New Trends in Astrodynamics and Applications

June 25, 2006

Author: admin

Space Studies Institute is cosponsoring New Trends in Astrodynamics and Applications III, an International Conference at Princeton University, August 16, 17 and 18.
For obvious reasons SSI has a particular interest in new types of low energy trajectories, motion near LaGrange points, halo orbits, weak stability boundaries and (relatively) low thrust transfers. SSI has a project to develop small, cheap asteroid probes using a solar sail that could be used to fly by a large number of asteroids on a single mission, so we are particularly interested in mission concepts incorporating low energy trajectories as well as the underlying numerical methods and algorithms for orbit and trajectory optimization.
The conference homepage is www.math.princeton.edu/astrocon/body_cfp.htm The speaker list is excellent and the preceding conferences have been very productive. I hope to see many SSI associates there.
SSI Executive Vice President Lee Valentine will give a talk. For the abstract,
Critical Trajectories for the Human Settlement of the High Frontier
If preservation and prosperity of humanity on the Earth and human settlement of space are our goals, we should concentrate on a commercial path to get there. Commercial enterprise has a long history of fortuitously aiding scientific progress. We expect radical changes in the cost of earth to orbit transportation, and in the methods and efficacy of deep space transportation, within the next two decades.
A successful space tourism industry, beginning with suborbital tourism, will greatly drive down the cost of access to orbit over the next 15 years. Inexpensive transportation to low Earth orbit is the first requirement for a great future on the High Frontier. Inexpensive means the cost associated with a mature transportation system. A mature system has a cost of three to five times the cost of the propellant. The first cheap, reliable and highly reusable rocket engines are just now appearing in vehicles. With an assured market and high flight rate, the heretofore glacial progress in reducing the cost of space transportation is likely to become rapid. This is the first critical enabling example of synergy between free market economics and scientific and technical progress in space. It will not be the last.

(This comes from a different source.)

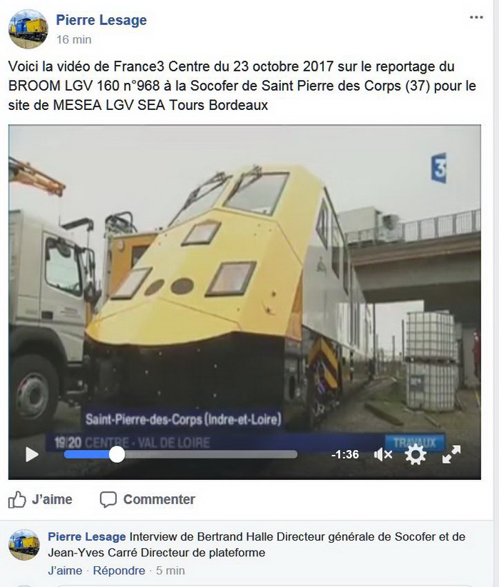 Re: Draisine BROOM LGV 160 n°968 MESEA - LGV SEA Tours Borde

The new high power switches and ultracapacitors developed for the automotive market make possible cheap robust and reliable mass driver engines. In space construction, using masses of nonterrestrial materials make the gravity tractor technique much more capable than previous schemes for asteroid mining. Ion propulsion will continue to improve and the first solar sails will be flown.

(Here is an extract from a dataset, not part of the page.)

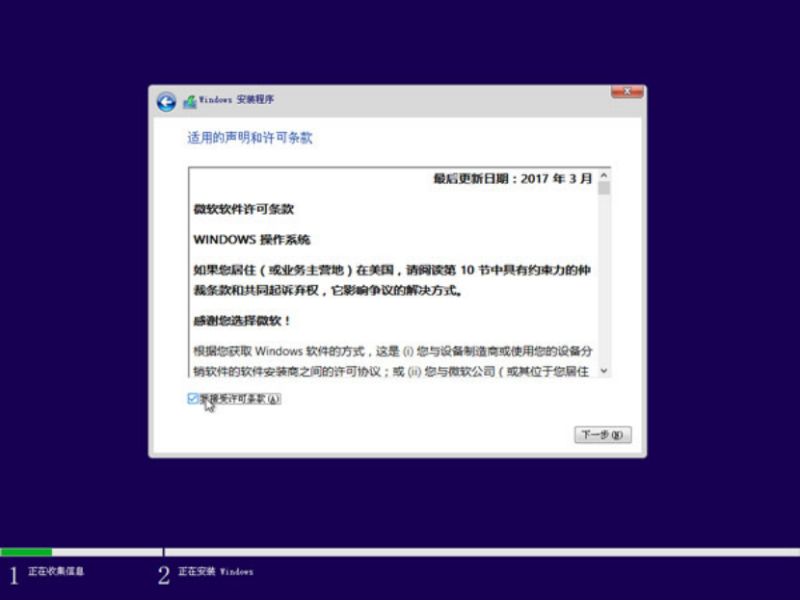 在Windows安裝程序中點擊“現(xiàn)在安裝”開始,一步步往里點。

The evolution from small tourist stations of the next decade to large space hotels will necessitate incorporation of fully closed life-support systems. These could be considered the first space colonies. Derivatives of these commercial space hotels may form suitable asteroid mining habitats.
Nonterrestrial materials are the key to opening the space frontier. Dozens of rendezvous missions to NEOs must be undertaken both to assay these resources and to plan rational NEO diversion. The development of NEO mining techniques serves two purposes, raw materials supply and planetary defense. We need economical trajectories to and from these bodies. These trajectories must not only be economical in terms of delta V or time, but in dollars; and in the time value of money, a factor not generally considered by the OMB.
Advanced robotics will allow remarkable improvements in productivity. Robots entered the Moore’s law curve less than decade ago. Humans will be required for the foreseeable future in repair and supervisory roles, particularly in an unstructured setting like an asteroid mine.
Satellite solar power stations may be $1 trillion per year market worldwide and cheap nickel steel from asteroids may be the critical enabler of this technology. We need to find just one asteroid of the right size and composition in a suitable orbit to open this market. Platinum group metals may be an important export, either as a primary product, or as a byproduct of nickel steel alloy production. Other products, derived from carbon, may also be important. The first economical product from an asteroid mine, though, may be water, either for propellant or for life-support and for shielding in space hotels.